Among those who may be dragged into the political mire is current Finance Minister Wolfgang Schäuble. Once hugely involved in sport politics, Schäuble's is one of few names to have actually emerged from the report – and with it has come a wave of speculation as to how many blind eyes when it came to doping. Shortly before the 1976 Olympics in Montreal, Schäuble is alleged to have said that „so long as it doesn't harm them, we should give our athletes whatever is best“.
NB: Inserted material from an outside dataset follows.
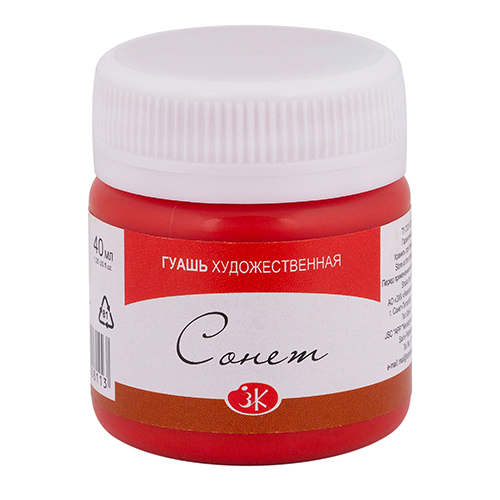 О серии: гуашь «Сонет» широко используется для художественных и дизайнерских работ. Отлично подходит для детского творчества. В отличие от используемых при изготовлении профессиональной гуаши пигментов и гуммиарабика как связующего, в рецептуре гуаши «Сонет» использованы пигментные пасты и синтетическое связующее. Гуашь «Сонет» хорошо ложится на бумагу и картон. При необходимости разбавляется водой и легко размывается. После высыхания приобретает бархатистый матовый оттенок. Применение: для художественных и оформительских работ, часто используется для детского творчества. Производство: гуашь «Сонет» производится заводом художественных красок Невская палитра, расположенным в городе Санкт-Петербурге. Завод уже более 80 лет выпускает продукцию для профессиональных художников и любителей творчества.

For those at the German Olympic Committee (DOSB), BISp and other bodies involved in the commission and publication of the report, there remains a key difference between the doping programs of East and West. General Director of the DOSB Michael Vesper was keen to insist to SID that „we cannot compare what happened here in the West with what went on in the GDR – namely state organised doping programs carried out without the knowledge of the individual athletes.“ He was also understandably quick to remind us that it was the DOSB and the government itself who had backed the commission of the report in the first place, and criticised the manner in which certain newspapers had treated the story, saying „We want to draw our own conclusions."

It is easy to sympathise with Vesper's appeal for a bit of patience. As with all such cases, much of the coverage remains reactionary, and it is perhaps best to concede that, for the moment, there is not enough information in the public sphere to justify the condemnatory tone of comparisons with the GDR. As far as we know, there are no cases such as Andreas Krieger in relation to the West's approach to doping.

For many, though, even the limited information we currently have is enough to suggest a betrayal on a level far beyond expectation. That the West did not record their actions so rigorously only serves to cast more doubt on how much more is always to be revealed. And it certainly blurs the often unfairly well defined lines between Good and Evil, and between East and West.